There are no uses of __has_feature in libstdc++. We do use
__has_builtin (which GCC also supports) and Clang's __is_identifier
(which GCC doesn't support) to work around some weird semantics of
__has_builtin in older versions of Clang.


> but it doesn't seem to be
> recognized in shared_ptr_base.h. Any guidance on how to check
> __has_feature(thread_sanitizer) in this patch?

I think we want to do something like this in include/bits/c++config

#if __SANITIZE_THREAD__
#  define _GLIBCXX_TSAN 1
#elif defined __has_feature
# if __has_feature(thread_sanitizer)
#  define _GLIBCXX_TSAN 1
# endif
#endif

Then in bits/shared_ptr_base.h

#if _GLIBCXX_TSAN
        _M_release_orig();
        return;
#endif



> GCC generates code for _M_release that is larger and more complex than that
> generated by LLVM. I'd like to file a bug report about that. Jonathan,

Is this the same issue as https://gcc.gnu.org/PR101406 ?

> would you please create a bugzilla account for me (
> https://gcc.gnu.org/bugzilla/) using my gmail address. Thank you.

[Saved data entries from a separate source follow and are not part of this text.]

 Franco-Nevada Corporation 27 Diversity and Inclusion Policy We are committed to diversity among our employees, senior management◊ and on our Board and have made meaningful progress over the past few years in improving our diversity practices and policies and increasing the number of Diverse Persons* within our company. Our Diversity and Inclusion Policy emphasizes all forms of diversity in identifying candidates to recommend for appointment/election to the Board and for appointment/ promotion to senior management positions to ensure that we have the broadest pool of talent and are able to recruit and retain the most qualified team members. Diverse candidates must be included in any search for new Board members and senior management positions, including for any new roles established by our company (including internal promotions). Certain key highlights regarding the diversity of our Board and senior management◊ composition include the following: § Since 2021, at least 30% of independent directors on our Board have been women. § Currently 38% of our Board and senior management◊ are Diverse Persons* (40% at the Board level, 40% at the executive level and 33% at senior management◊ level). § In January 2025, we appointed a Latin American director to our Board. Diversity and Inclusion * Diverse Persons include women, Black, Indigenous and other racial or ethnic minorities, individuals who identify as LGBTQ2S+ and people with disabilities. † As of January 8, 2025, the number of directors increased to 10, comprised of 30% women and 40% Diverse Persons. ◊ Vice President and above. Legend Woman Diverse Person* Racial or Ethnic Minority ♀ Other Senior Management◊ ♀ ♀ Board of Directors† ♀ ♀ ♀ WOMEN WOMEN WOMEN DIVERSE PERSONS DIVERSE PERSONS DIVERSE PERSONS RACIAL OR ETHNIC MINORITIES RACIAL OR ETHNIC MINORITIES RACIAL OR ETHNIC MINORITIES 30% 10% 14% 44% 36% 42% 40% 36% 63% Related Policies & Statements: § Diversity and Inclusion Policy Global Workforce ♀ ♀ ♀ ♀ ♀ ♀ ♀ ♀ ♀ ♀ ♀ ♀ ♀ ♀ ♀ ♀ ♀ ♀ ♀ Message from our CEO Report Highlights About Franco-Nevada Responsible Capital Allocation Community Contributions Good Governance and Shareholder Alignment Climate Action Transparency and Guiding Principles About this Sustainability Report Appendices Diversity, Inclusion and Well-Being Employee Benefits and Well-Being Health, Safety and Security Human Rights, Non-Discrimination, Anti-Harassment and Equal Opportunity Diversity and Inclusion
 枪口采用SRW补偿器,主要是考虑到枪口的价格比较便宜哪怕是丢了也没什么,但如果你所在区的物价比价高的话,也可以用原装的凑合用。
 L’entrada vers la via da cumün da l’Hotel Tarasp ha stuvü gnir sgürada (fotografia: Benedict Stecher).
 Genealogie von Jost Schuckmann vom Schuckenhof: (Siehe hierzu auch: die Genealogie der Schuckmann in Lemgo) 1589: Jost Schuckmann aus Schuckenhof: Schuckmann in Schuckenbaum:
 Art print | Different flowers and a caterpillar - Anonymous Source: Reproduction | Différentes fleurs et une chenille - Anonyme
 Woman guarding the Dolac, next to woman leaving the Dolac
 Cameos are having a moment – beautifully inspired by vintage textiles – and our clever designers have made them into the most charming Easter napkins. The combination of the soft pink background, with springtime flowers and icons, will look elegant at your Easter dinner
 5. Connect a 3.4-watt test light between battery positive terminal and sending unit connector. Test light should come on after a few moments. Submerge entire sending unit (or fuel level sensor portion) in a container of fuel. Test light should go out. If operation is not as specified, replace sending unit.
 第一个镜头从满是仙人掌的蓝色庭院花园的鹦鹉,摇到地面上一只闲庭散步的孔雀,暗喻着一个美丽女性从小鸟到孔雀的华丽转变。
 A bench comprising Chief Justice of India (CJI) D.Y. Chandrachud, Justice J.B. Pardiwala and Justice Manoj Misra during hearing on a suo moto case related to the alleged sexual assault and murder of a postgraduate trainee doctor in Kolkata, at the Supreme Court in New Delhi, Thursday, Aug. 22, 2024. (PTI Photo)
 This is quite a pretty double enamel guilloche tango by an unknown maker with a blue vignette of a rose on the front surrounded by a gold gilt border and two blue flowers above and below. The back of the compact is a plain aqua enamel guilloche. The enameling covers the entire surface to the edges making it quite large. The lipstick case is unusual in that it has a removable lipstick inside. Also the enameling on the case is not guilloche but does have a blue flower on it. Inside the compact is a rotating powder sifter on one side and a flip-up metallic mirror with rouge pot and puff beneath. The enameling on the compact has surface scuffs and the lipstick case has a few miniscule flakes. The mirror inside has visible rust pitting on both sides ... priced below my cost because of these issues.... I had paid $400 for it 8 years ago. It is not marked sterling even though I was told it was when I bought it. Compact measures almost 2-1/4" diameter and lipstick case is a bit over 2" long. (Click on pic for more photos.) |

Done (sorry, I didn't notice the request in this mail until coming
back to it to review the patch properly).



>
>
> Information about the patch:
>
> - Benefits of the patch: Save the cost of the last atomic decrements of
> each of the use count and the weak count in _Sp_counted_base. Atomic
> instructions are significantly slower than regular loads and stores across
> major architectures.
>
> - How current code works: _M_release() atomically decrements the use count,
> checks if it was 1, if so calls _M_dispose(), atomically decrements the
> weak count, checks if it was 1, and if so calls _M_destroy().
>
> - How the proposed patch works: _M_release() loads both use count and weak
> count together atomically (when properly aligned), checks if the value is
> equal to the value of both counts equal to 1 (e.g., 0x100000001), and if so
> calls _M_dispose() and _M_destroy(). Otherwise, it follows the original
> algorithm.
>
> - Why it works: When the current thread executing _M_release() finds each
> of the counts is equal to 1, then (when _lock_policy is _S_atomic) no other
> threads could possibly hold use or weak references to this control block.
> That is, no other threads could possibly access the counts or the protected
> object.
>
> - The proposed patch is intended to interact correctly with current code
> (under certain conditions: _Lock_policy is _S_atomic, proper alignment, and
> native lock-free support for atomic operations). That is, multiple threads
> using different versions of the code with and without the patch operating
> on the same objects should always interact correctly. The intent for the
> patch is to be ABI compatible with the current implementation.
>
> - The proposed patch involves a performance trade-off between saving the
> costs of two atomic instructions when the counts are both 1 vs adding the
> cost of loading the combined counts and comparison with two ones (e.g.,
> 0x100000001).
>
> - The patch has been in use (built using LLVM) in a large environment for
> many months. The performance gains outweigh the losses (roughly 10 to 1)
> across a large variety of workloads.
>
>
> I'd appreciate feedback on the patch and any suggestions for checking
> __has_feature(thread_sanitizer).

N.B. gmail completely mangles patches unless you send them as attachments.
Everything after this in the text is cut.